Stored records

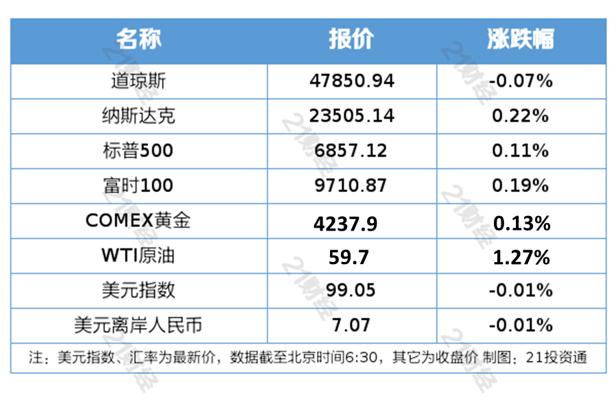 1、美国三大股指收盘涨跌不一,道指跌0.07%报47850.94点,标普500指数涨0.11%报6857.12点,纳指涨0.22%报23505.14点。3M公司跌超2%,联合健康集团跌近2%,领跌道指。万得美国科技七巨头指数涨0.4%,脸书涨超3%,英伟达涨逾2%。中概股涨跌不一,万物新生涨近9%,大全新能源跌近3%。在美联储下周召开货币政策会议之前,市场情绪谨慎。
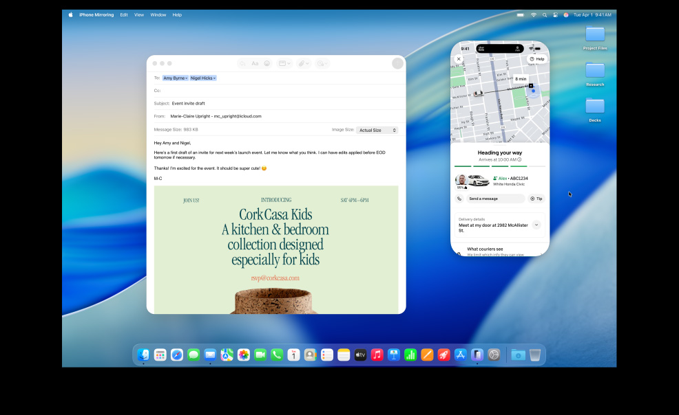 iPhone Mirroring lets you see and use your iPhone right from your Mac.5 So even if your phone is getting charged across the room, you can still access all your favorite iPhone apps. Live Activities from your iPhone also appear on your Mac. So when timely events occur — like when your Uber arrives — you don’t have to reach for your phone to stay in the know. You can even drag and drop a video from your Mac to your iPhone, so you can continue editing on the go.
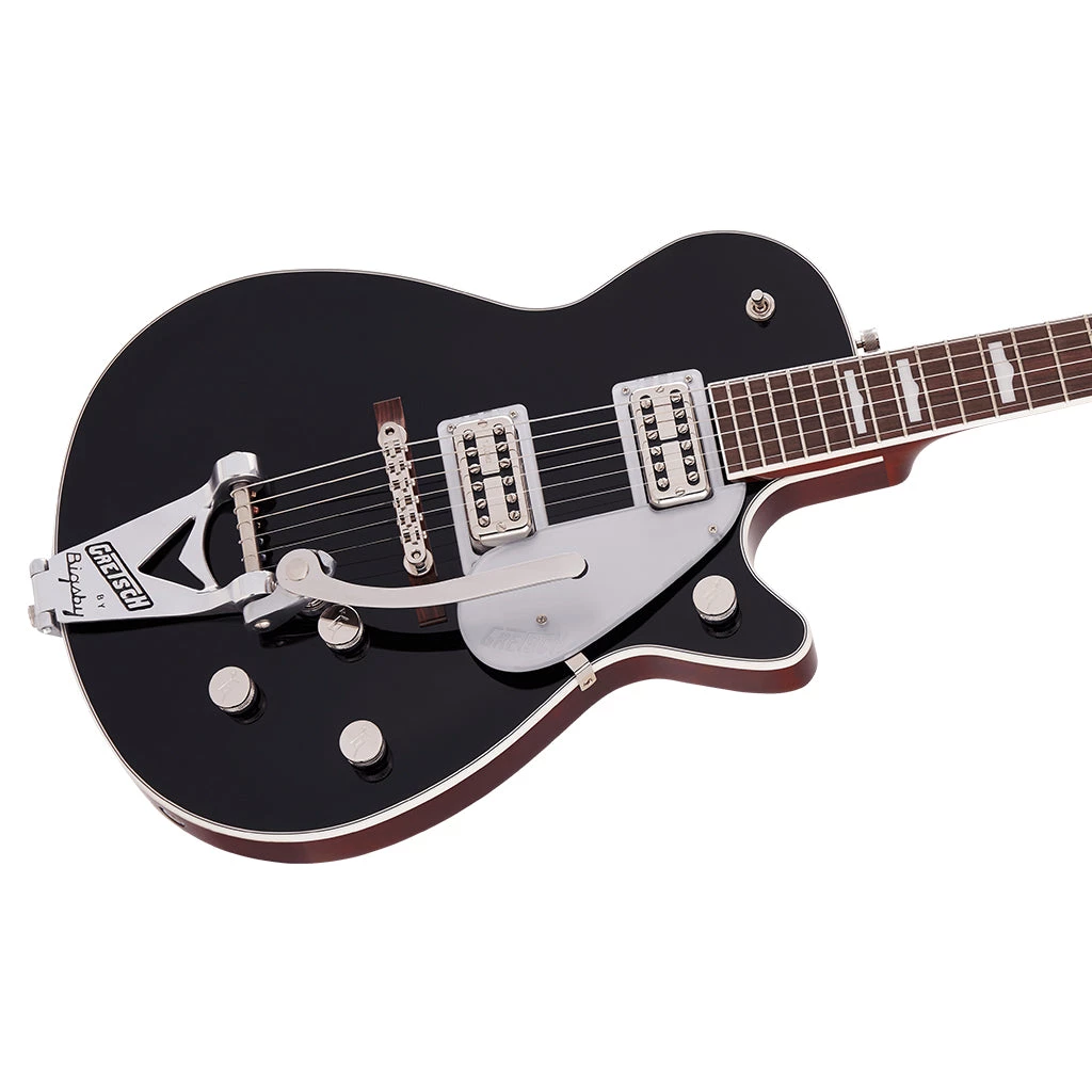 This grunge-era beauty comes in classic Black with silver pickguard, late-’80s black headstock with Gretsch logo and horseshoe inlay and nickel hardware.
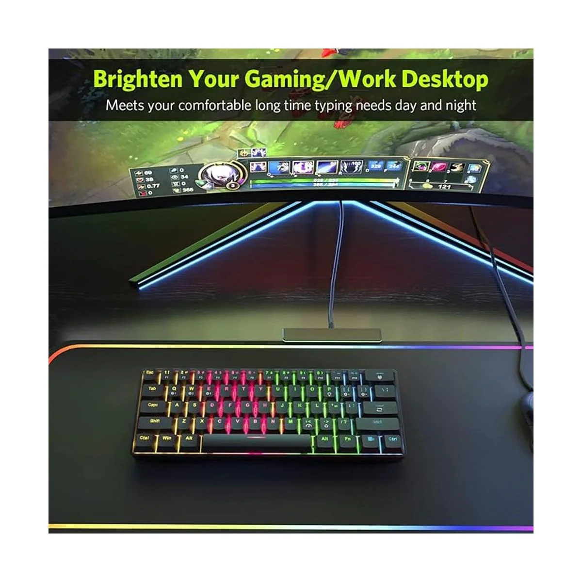 Fiodio Teclado mecánico inalámbrico y con cable RGB de 61 teclas con interruptores azules, sonido de clic audible, arcoíris, portátil, compacto, mini teclado de oficina para Windows PC Gaming, FSG61
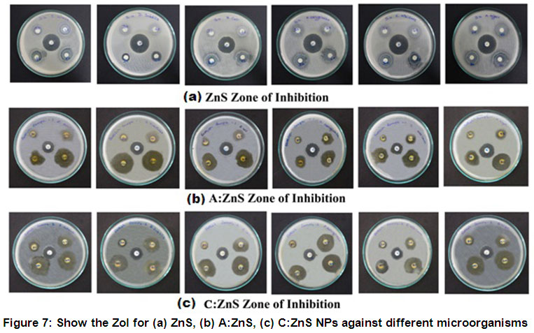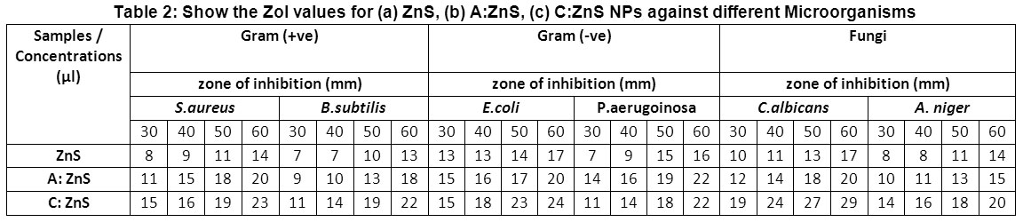 Table 2: Show the ZoI values for (a) ZnS, (b) A:ZnS, (c) C:ZnS NPs against different Microorganisms
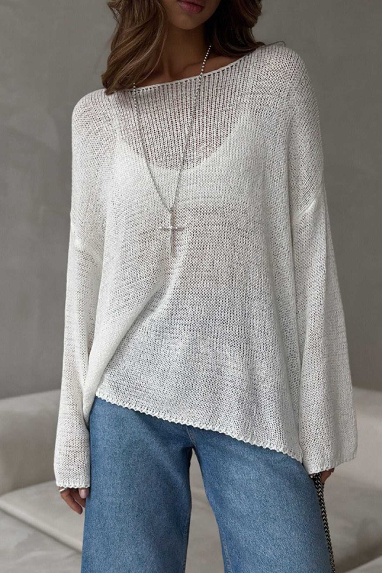 Crew Neck Hollow Out Knit Cover-up Sweater
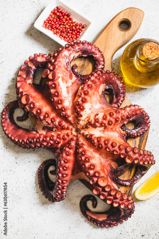 boiled whole octopus on a gray stone with lemon and pink pepper
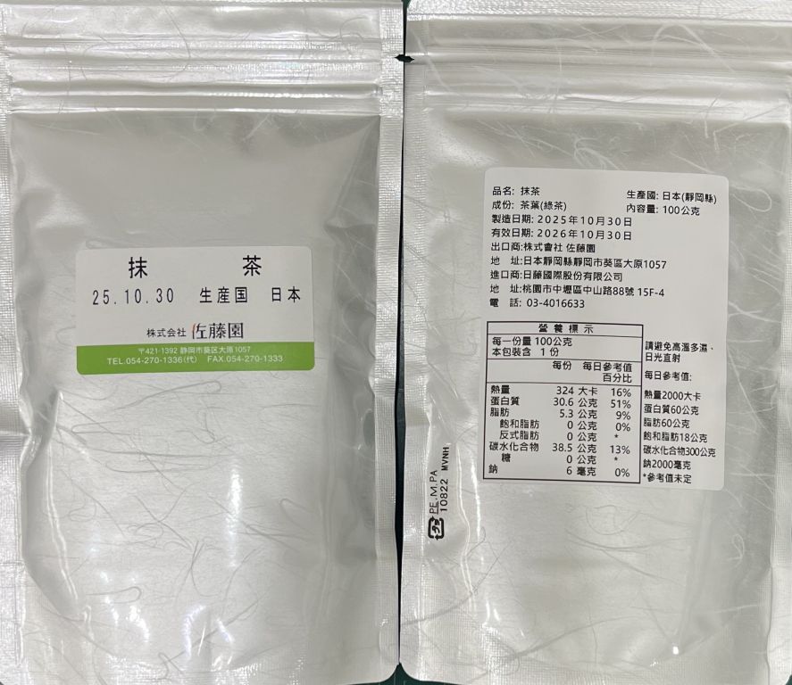 日本佐藤園抹茶粉亦皆從未再經任何分裝或加工銷售。
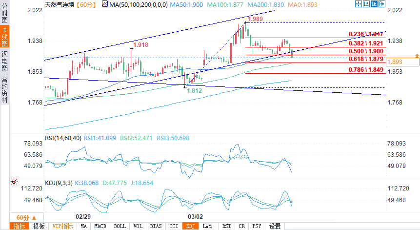 在1小时图中,天然气处于修正模式,价格跌破了通道支撑。价格正跌向61.8%回撤位1.87美元的水平,该水平和100期移动平均线对齐。
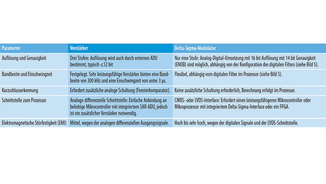 Für aus dem AC-Netz gespeiste Wechselrichter mit Gleichspannungs-Zwischenkreisspannungen von 300 bis 1.200 V ermöglicht ein isolierender Verstärker oder Delta-Sigma-Modulator eine präzise Phasenstrommessung mit Widerständen. Die Isolation erlaubt ein Unterdrücken der hohen Gleichtaktspannung sowie der Transienten (siehe Tabelle 1). Da industrielle Antriebe den Anforderungen an die elektrische Sicherheit gemäß IEC 61800-5-1 genügen müssen, ist eine Basisisolation oder eine verstärkte Isolation erforderlich. Basisisolierte oder verstärkt isolierte Verstärker und Delta-Sigma-Modulatoren erfüllen diese Forderung.
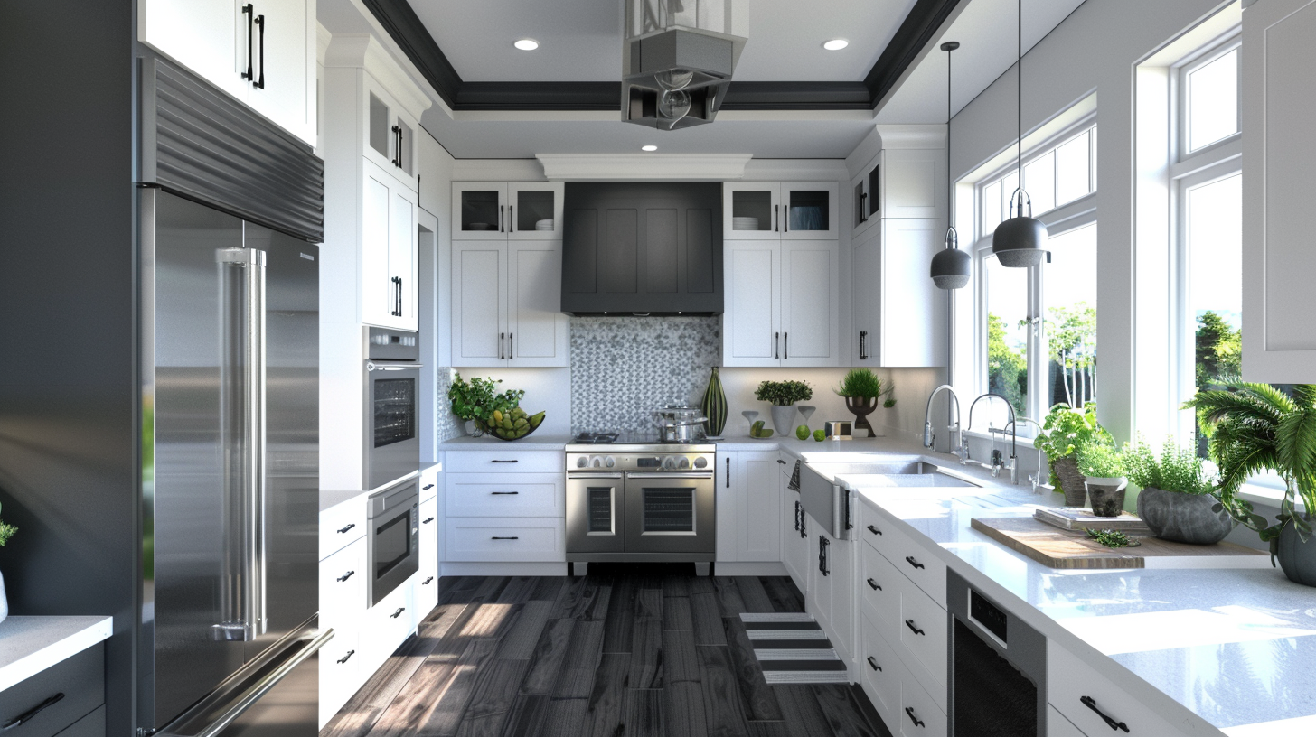 Black, white and gray classic modern kitchen with dark hardwood floors

Exercise brief:
Reproduce every entry word for word, but skip any pictures.

Solution to this task:
 1、美国三大股指收盘涨跌不一,道指跌0.07%报47850.94点,标普500指数涨0.11%报6857.12点,纳指涨0.22%报23505.14点。3M公司跌超2%,联合健康集团跌近2%,领跌道指。万得美国科技七巨头指数涨0.4%,脸书涨超3%,英伟达涨逾2%。中概股涨跌不一,万物新生涨近9%,大全新能源跌近3%。在美联储下周召开货币政策会议之前,市场情绪谨慎。
 iPhone Mirroring lets you see and use your iPhone right from your Mac.5 So even if your phone is getting charged across the room, you can still access all your favorite iPhone apps. Live Activities from your iPhone also appear on your Mac. So when timely events occur — like when your Uber arrives — you don’t have to reach for your phone to stay in the know. You can even drag and drop a video from your Mac to your iPhone, so you can continue editing on the go.
 This grunge-era beauty comes in classic Black with silver pickguard, late-’80s black headstock with Gretsch logo and horseshoe inlay and nickel hardware.
 Fiodio Teclado mecánico inalámbrico y con cable RGB de 61 teclas con interruptores azules, sonido de clic audible, arcoíris, portátil, compacto, mini teclado de oficina para Windows PC Gaming, FSG61
 Table 2: Show the ZoI values for (a) ZnS, (b) A:ZnS, (c) C:ZnS NPs against different Microorganisms
 Crew Neck Hollow Out Knit Cover-up Sweater
 boiled whole octopus on a gray stone with lemon and pink pepper
 日本佐藤園抹茶粉亦皆從未再經任何分裝或加工銷售。
 在1小时图中,天然气处于修正模式,价格跌破了通道支撑。价格正跌向61.8%回撤位1.87美元的水平,该水平和100期移动平均线对齐。
 Für aus dem AC-Netz gespeiste Wechselrichter mit Gleichspannungs-Zwischenkreisspannungen von 300 bis 1.200 V ermöglicht ein isolierender Verstärker oder Delta-Sigma-Modulator eine präzise Phasenstrommessung mit Widerständen. Die Isolation erlaubt ein Unterdrücken der hohen Gleichtaktspannung sowie der Transienten (siehe Tabelle 1). Da industrielle Antriebe den Anforderungen an die elektrische Sicherheit gemäß IEC 61800-5-1 genügen müssen, ist eine Basisisolation oder eine verstärkte Isolation erforderlich. Basisisolierte oder verstärkt isolierte Verstärker und Delta-Sigma-Modulatoren erfüllen diese Forderung.
 Black, white and gray classic modern kitchen with dark hardwood floors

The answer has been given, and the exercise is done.